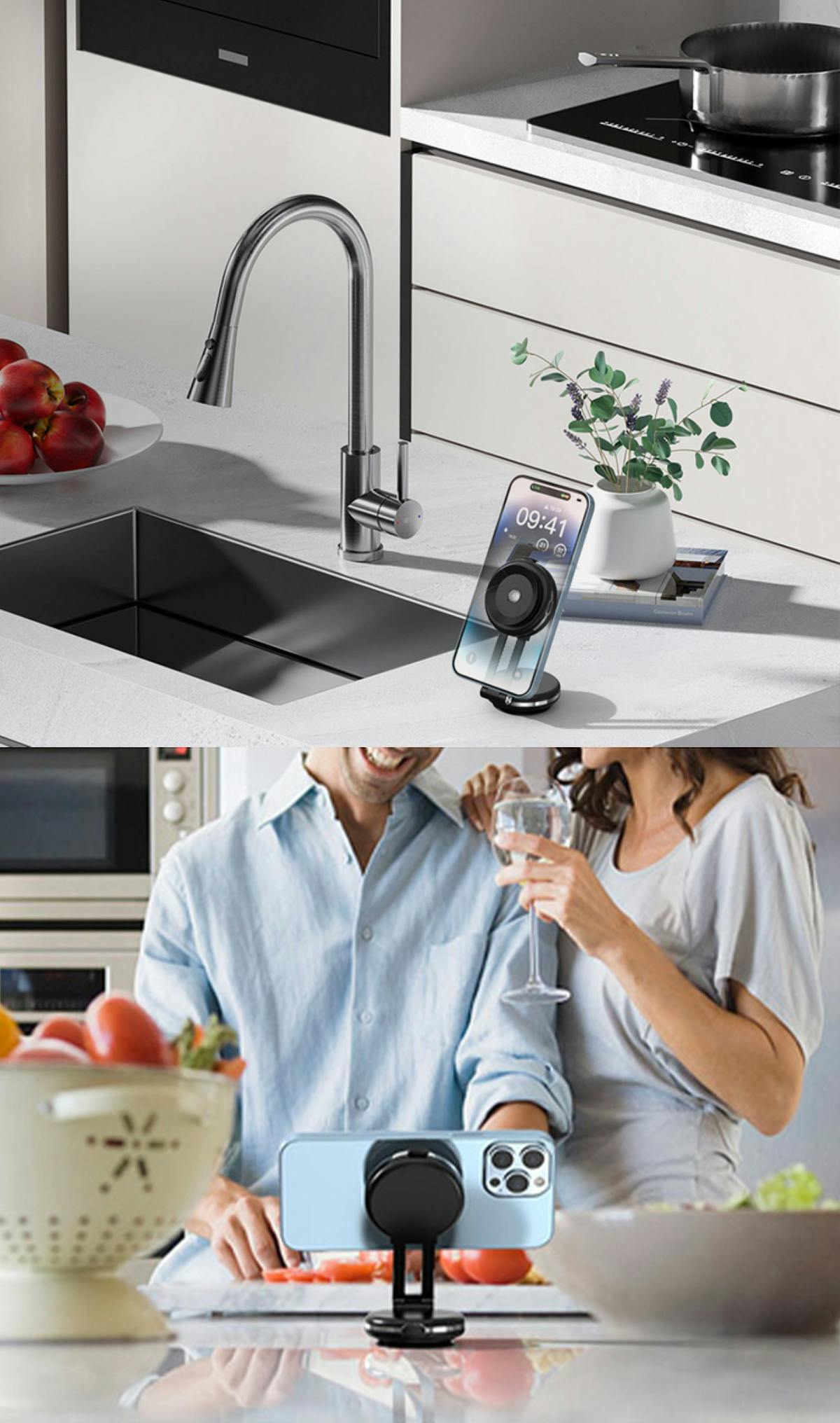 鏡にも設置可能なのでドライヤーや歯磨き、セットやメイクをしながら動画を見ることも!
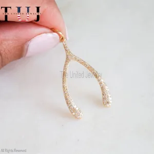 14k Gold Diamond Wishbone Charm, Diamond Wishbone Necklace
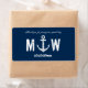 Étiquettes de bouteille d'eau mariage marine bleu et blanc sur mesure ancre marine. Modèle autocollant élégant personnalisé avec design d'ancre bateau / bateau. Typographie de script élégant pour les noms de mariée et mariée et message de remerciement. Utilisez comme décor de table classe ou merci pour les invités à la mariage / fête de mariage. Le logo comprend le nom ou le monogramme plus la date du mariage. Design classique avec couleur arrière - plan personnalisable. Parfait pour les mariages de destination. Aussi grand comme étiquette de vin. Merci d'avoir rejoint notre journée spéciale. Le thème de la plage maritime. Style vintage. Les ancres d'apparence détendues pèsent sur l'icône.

--

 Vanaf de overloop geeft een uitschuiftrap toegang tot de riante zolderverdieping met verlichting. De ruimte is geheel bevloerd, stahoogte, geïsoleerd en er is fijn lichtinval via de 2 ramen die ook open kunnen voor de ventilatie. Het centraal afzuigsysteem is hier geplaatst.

WHAT IS NEEDED
Leave out the images and write out the lines above exactly, from the one with "鏡にも設置可能なのでドライヤ" up to and including the one with "14k Gold Diamond".

RESULT OF THE TASK
 鏡にも設置可能なのでドライヤーや歯磨き、セットやメイクをしながら動画を見ることも!
 14k Gold Diamond Wishbone Charm, Diamond Wishbone Necklace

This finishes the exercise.